"Put me down for a barrel, O joyful stranger," FitzHerbert exclaimed eagerly.
Carney's gray eyes had widened a little at the stranger's statement.
"You can apply to Superintendent Kane," the little man answered; "he will have the handling of it, I fancy—a carload."
FitzHerbert's blue eyes searched Carney's, but the latter sat as if playing poker.
"Tell us about it, man," Enders suggested.
"I pulled into Fort Calbert this morning," the other contributed, "and a jocular constable took me to the Fort as a vagrant."
"Your equipage was against you," Enders advised. "Don't think anything of that," FitzHerbert said; "the hobos have been running neck-and-neck with the gophers about here; they burned up five freight cars in two weeks.

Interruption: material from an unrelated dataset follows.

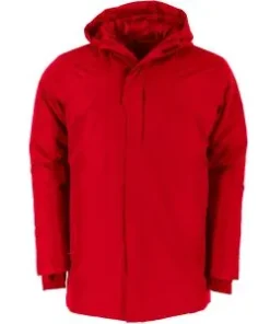 The Prime Padded Coach Jacket is made of 100% polyester with PVC coating and has an isolating inner lining. The jacket has a semi-long cut with a longer rounded back and features a storm cuff. This water- and wind-resistant jacket with taped seams has Stanno logos on the chest and back.
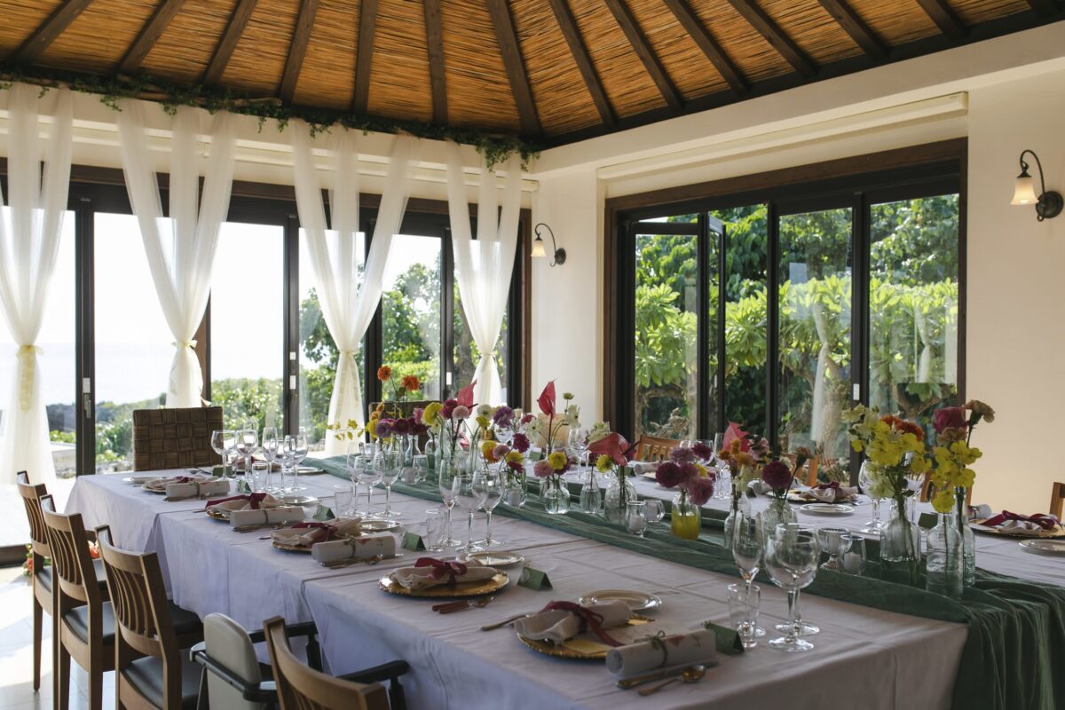 沖縄の民家の雰囲気たっぷり赤瓦のヴィラでの宿泊がセットになったウェディングです。

The police have been shaken up over it by the O.C."
The little man drew from a pocket of his coat a bag of gold, and clapped it gently on the table.
"You had your credentials," and FitzHerbert nodded.
"I'd been washing gold down on the bars at Victoria. It was this way. I have a farm there, and last year I put in thirty acres of oats. It was a rotten crop and I didn't cut it. This year it came up a volunteer crop—a splendid one; I sold it to Major Grisbold, at Fort Saskatchewan, standing. Now I'm on my holidays, just a little pleasure jaunt."